A Novel Gate-level NBTI Delay Degradation Model with Stacking Effect

No Author Given
No Institute Given

Abstract. In this paper, we propose a gate-level NBTI delay degradation model, where the stress voltage variability due to PMOS transistors’ stacking effect is considered for the first time. Experimental results show that our gate-level NBTI delay degradation model results in a tighten upper bound for circuit performance analysis. The traditional circuit degradation analysis leads to on average 59.3% overestimation. The pin reordering technique can mitigate on average 6.4% performance degradation in our benchmark circuits.

1 Introduction

As technology scales, accelerated aging effect [1] for nanoscale devices poses as a key challenge for designers to find countermeasures that effectively mitigate the degradation and prolong system’s lifetime. Negative bias temperature instability (NBTI), which has deleterious effect on the threshold voltage and the drive current of PMOS transistors, is emerging as one of the major reliability concerns [2].

Due to NBTI effect, the threshold voltage of PMOS transistor is shifted, carrier mobility and drain current are reduced [3], and the performance degradation occurs [4–6]. The NBTI phenomena can be classified as static NBTI and dynamic NBTI. Static NBTI is under the DC stress condition, and the detailed physical mechanism was described in [7]. The impact of electric and environment parameters (such as electric field across the oxide and temperature) on the interface trap generation was studied in [8, 9]. Dynamic NBTI under the AC stress condition leads to a less severe parameter’s shift over long time because of the recovery phenomenon [4, 9–11].
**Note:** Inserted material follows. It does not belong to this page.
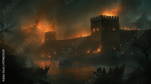 fire, fortress, wall, night, smoke, boat, water, destruction, battle, chaos, ruin, landscape, shadow, glow, mediaeval, architecture, history, war, flames, danger, gloom, eerie, atmosphere, siege, conflict, survival, darkness, lighting, silhouette, scene, environment, nature, strategy, mystery, tension, adventure, peril, journey, escape, story, imagination, artistry, fantasy, creativity, vision, beauty, drama, emotion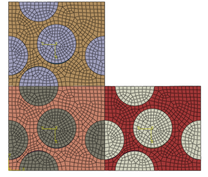 几何结构设计:采用纤维与基体的代表性排布方式(如课程中四纤维 - 基体构成的 RVE 模型),确保微观结构能够反映宏观材料的统计特征,纤维体积分数、界面层分布等参数需与实际材料一致;

Many analytical NBTI models have been proposed recently. The impact of NBTI on the worst case performance degradation of digital circuits was analyzed in [12]. An analytical model for multi-cycle dynamic NBTI was proposed in [13], where a recursion process was used to evaluate the NBTI effect. A predictive NBTI model was proposed in [14, 15], the effect of various process and design parameters was described. An accurate and fast close-form analytical model was proposed in [16], where temperature-aware NBTI modeling was also considered.

Most of these previous proposed NBTI models may suffer from inaccuracy or high computational complexity, and gate-level NBTI modeling is still in its infancy. In this paper, based on an accurate and fast close-form analytical model [16], we propose a gate-level NBTI delay degradation model considering stacking effect. Our contribution in this paper distinguishes itself in the following aspects:
A single transistor analytical NBTI model is extended to a novel gate-level model, which for the first time considers the variability of the stress voltage due to stacking effect;

- A novel accurate gate-level delay model for $V_{th}$ degradation is first proposed. A tightened upper bound for circuit performance degradation can be achieved with our new gate-level delay model.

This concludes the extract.